After cursing myself for a weakling, I hurried to the main house, tapping upon doors and tumbling through them as if I had a right to be there. They had made me feel as if I had a right to be there, after all—they had made me feel as if I had a home.
At last I found Charles Thornfield in the kitchen, speaking urgently to Jas Kaur as he washed his bare hands; they were already clean, but his crusted shirtsleeves told a gruesome story, and his white hair was liberally speckled with blood.
“How is he?” I questioned. “Did he tell you . . . did he—”
“Jane!” Mr. Thornfield dived for a cloth, drying his fingers; seeing them naked again was peculiar, as if I ought to turn away and grant him privacy. “Say that you found Sahjara, I beg of you. If she—”
“I’m here,” came a small voice, and I saw that the commotion had brought Sahjara out of hiding; she stood in the hall just outside the kitchen, eyes puffy and strained.

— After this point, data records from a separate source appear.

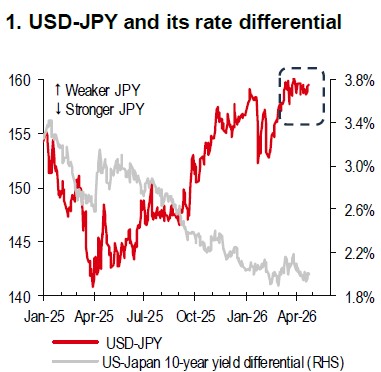 Our base case remains for USD-JPY to decline by year-end. Near-term upside risks include a more dovish BoJ, a more hawkish Federal Reserve (Fed), escalation in the Middle East conflict and renewed oil-price highs, and further fiscal slippage in Japan.
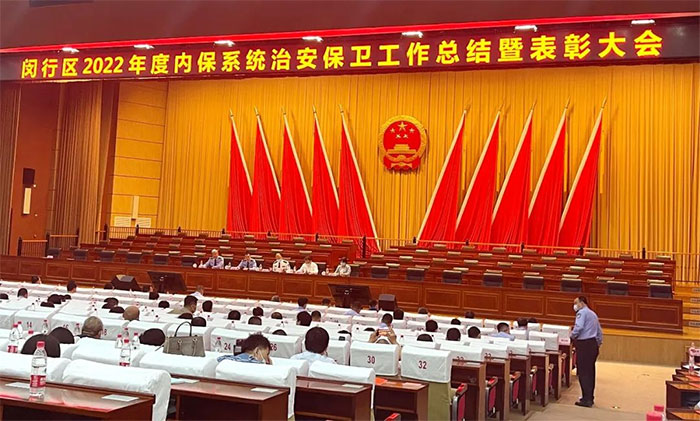 此次大会由上海市公安局闵行分局、上海市闵行区企事业单位治安责任人协会和上海市闵行区文化保卫协会联合主办。会上表彰了2022年度治安保卫和防疫工作中表现突出的先进集体和个人,通报2022年度主要工作,部署2023年工作并签订2023年治安防范责任书。
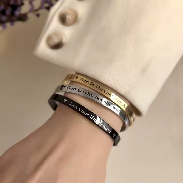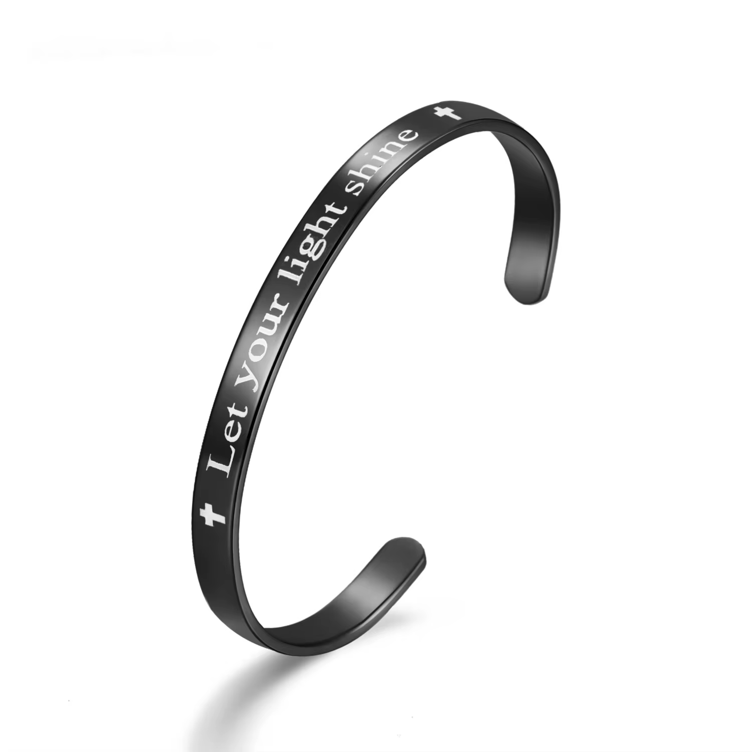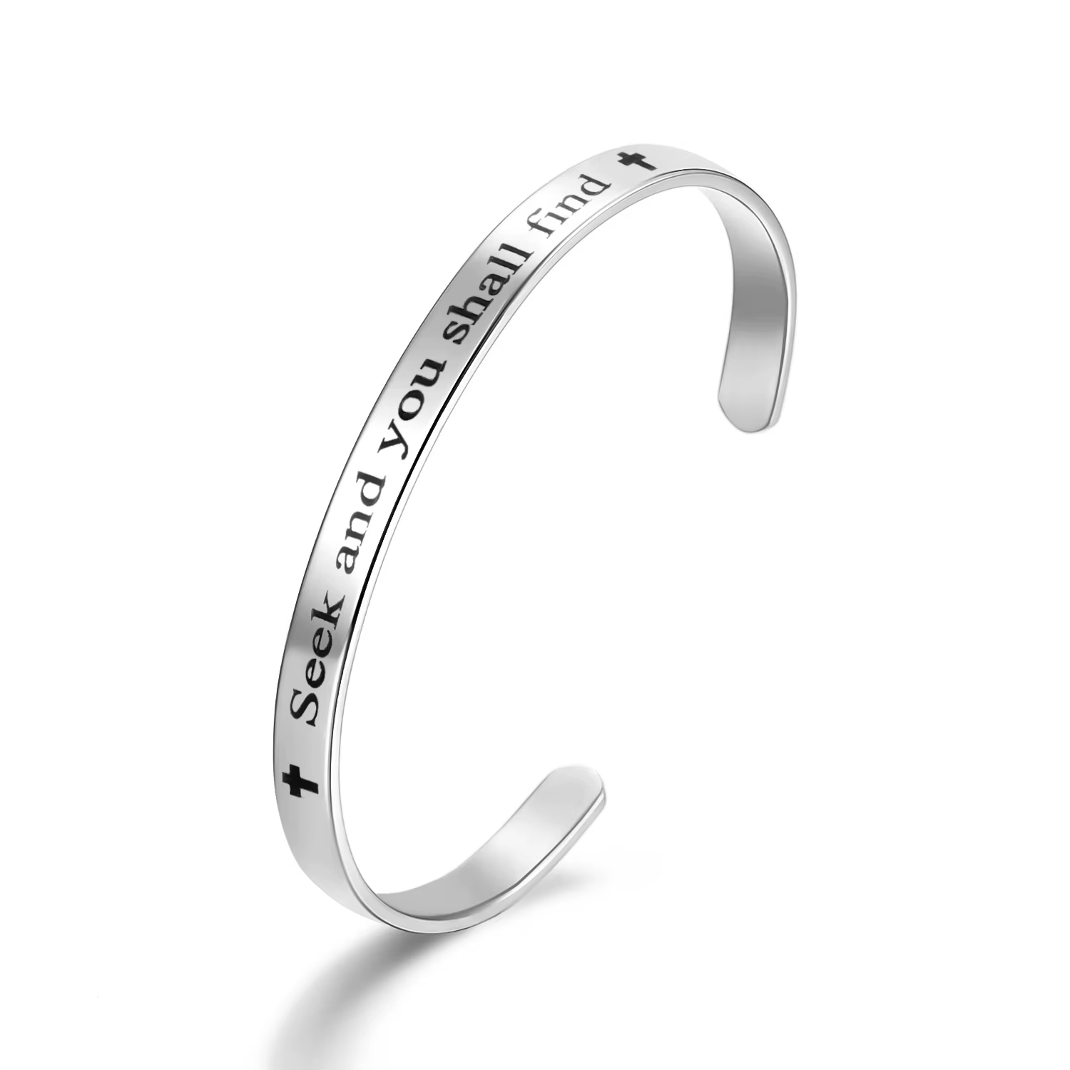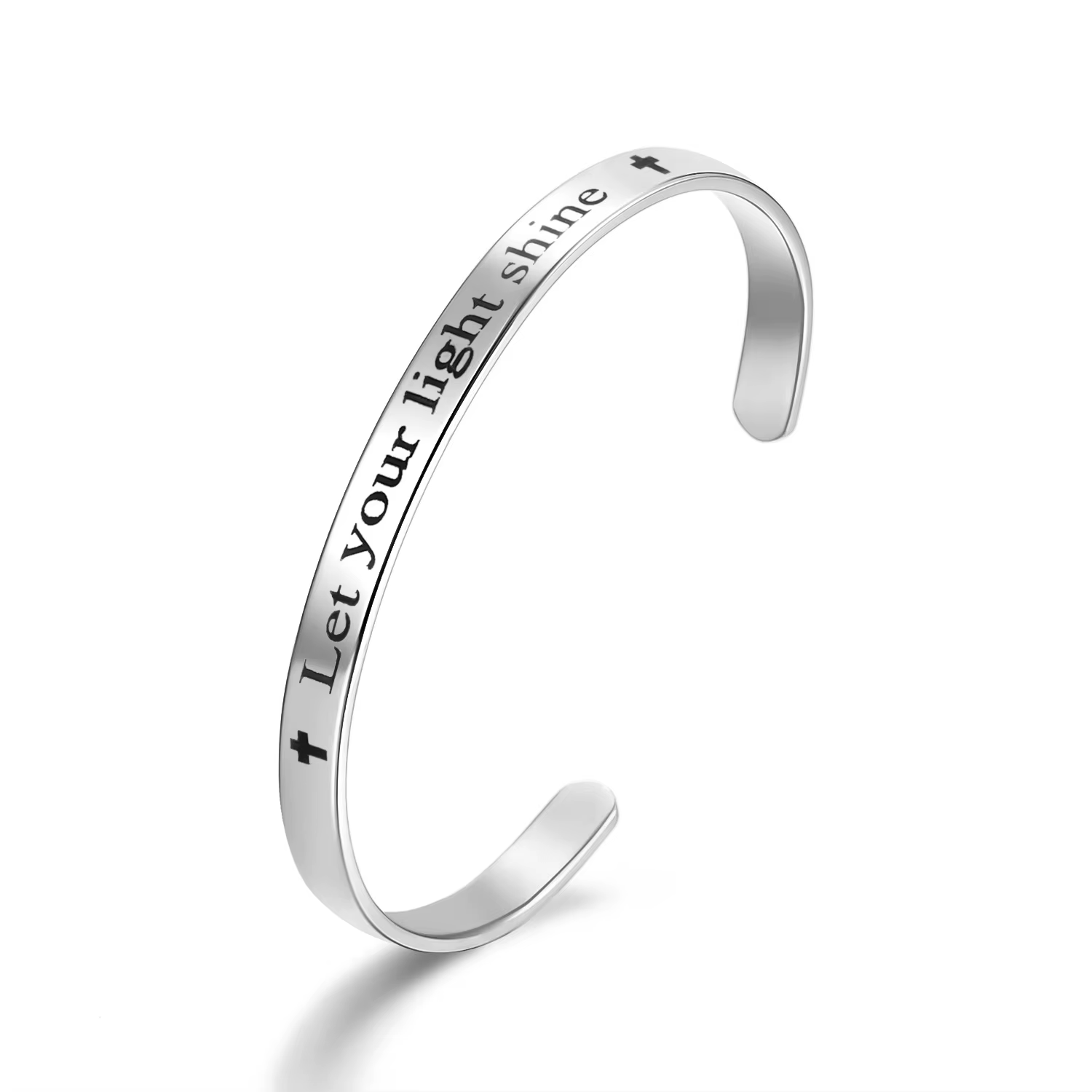 Elevate your everyday look with our Unisex Inspirational Cuff Bracelets, crafted from high-quality stainless steel for durability and style. These minimalist open cuff bracelets are engraved with uplifting words and scripture, making them the perfect daily reminder of strength, faith, and encouragement. Suitable for both men and women, they make a thoughtful gift for loved ones or a meaningful accessory for yourself.
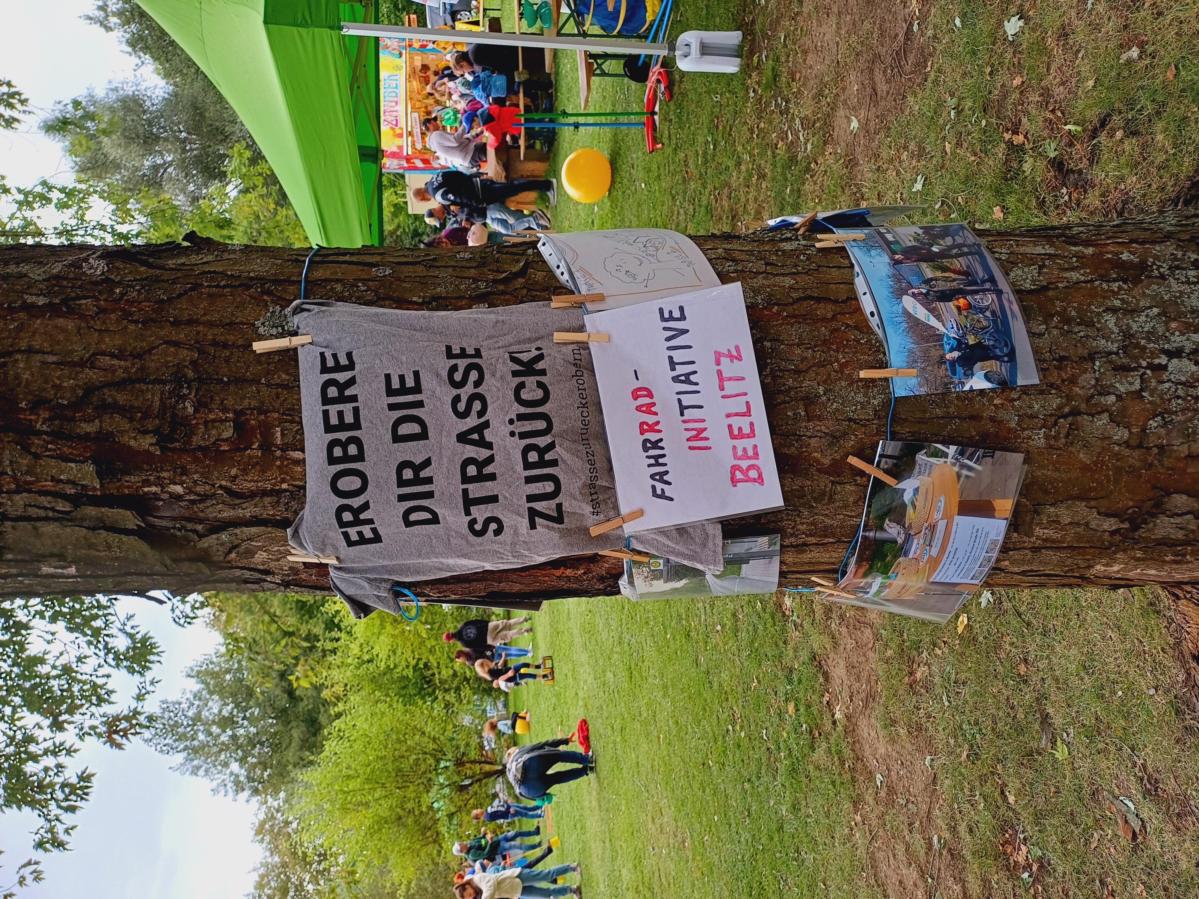 Die VCD Ortsgruppe Beelitz / Rad-Ini Beelitz war am 15.09.2024 auf dem Familienfest der Stadt präsent. Der Infostand war schnell gemacht: Fotos „20x30 cm“ in Klarsichthüllen DIN A4 an einer Wäscheleine, diese zwischen Pfahl und Fahrrad gespannt, und bei sehr starkem Wind eben um einen Baum gewickelt. Dazu kam die VCD BeachFlag und ein Blumenstrauß am Fahrradlenker, fertig. Besonderer Hingucker bei uns sind noch der Fahrradverleih und Umbau-Service von „Rec-Bikes by MG“, Tel. 0151 5774 9779. Die Kinder konnten an einer Bierzelt-Garnitur der Stadt ihren Schulweg zeichnen und erklären: „Das ist mein Haus, da geht es durch die Altstadt und über den Affenberg zur roten Schule“, in der Zeichnung seht ihr „Berg mit Affe“ von Luca. Die Postkarten zur VCD-Einsteiger-Mitgliedschaft und den ÖPNV-Check haben wir persönlich unter die Leute gebracht. Naja, die Gespräche dazu kennt man ja: Wir, also der Verkehrsclub Deutschland und rund zwanzig befreundete Verbände, haben jahrelang für Rahmenbedingungen gekämpft, die eine Bahnverbindung 2x pro Stunde auf den Hauptrouten ermöglichen, und dann kommen die frisch zugezogenen Speckgürtel-Städter und jammern, dass nicht dreimal pro Stunde „etwas“ möglichst vor ihrer Haustür abfährt… Tja, dann sollen sie erstmal wenigstens Mitglied werden, um unsere Lobby zu stärken. Machen statt meckern. VCD.org/einsteigen.
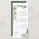 Carte à la carte de mariage boho fleuri moderne et élégant. Le design est composé d'éléments floraux de sauce d'aquarelle à l'avant et d'arrière - plans verts sauge à l'arrière. Customisez-le facilement avec vos détails mariages.
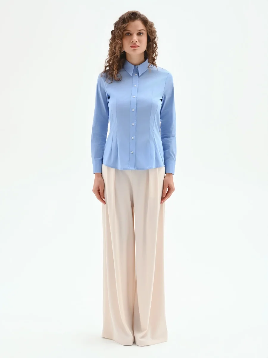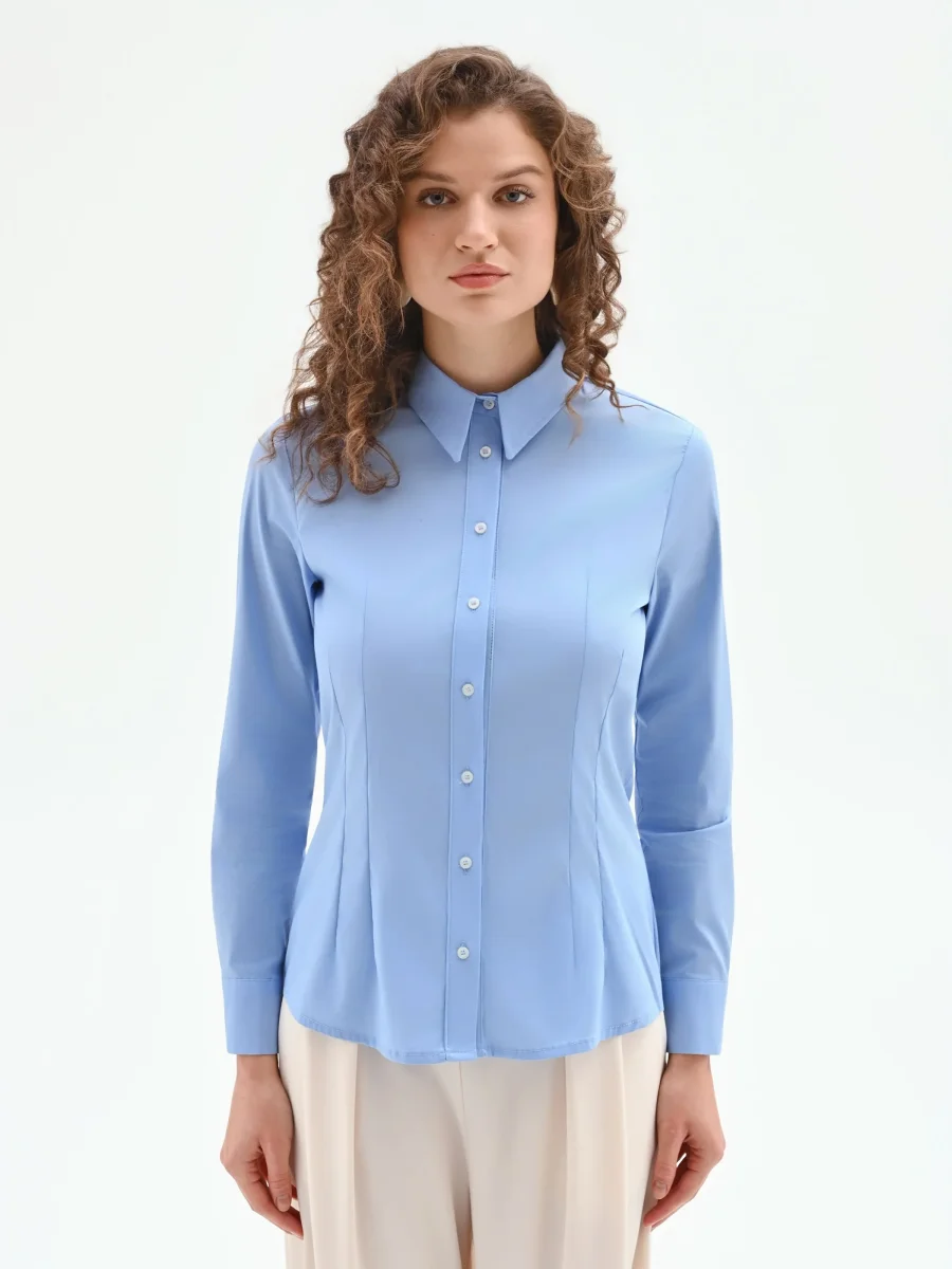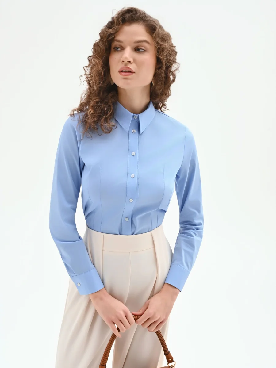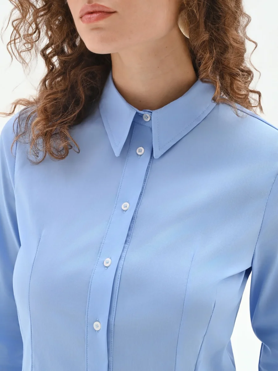 Realizzata in cotone, la sua vestibilità è studiata per valorizzare la silhouette: il taglio sciancrato è infatti accentuato dalle cuciture verticali frontali che disegnano e sottolineano il punto vita. Il colletto classico a punta, le maniche lunghe con polsino e la chiusura con bottoni a vista ne confermano l’ispirazione intramontabile, ma con una cura del dettaglio che fa la differenza.

I am not proud of many of my actions; most were committed for selfish reasons, and bringing Sahjara back ought to be numbered among these, for I could not bear the thought of losing her. However, the look on Mr. Thornfield’s face as he crossed the flagstones in a frantic leap and swept her up into his arms, cradling the shivering child’s face against his shoulder without any barrier between them, I thought might be cause for celebration.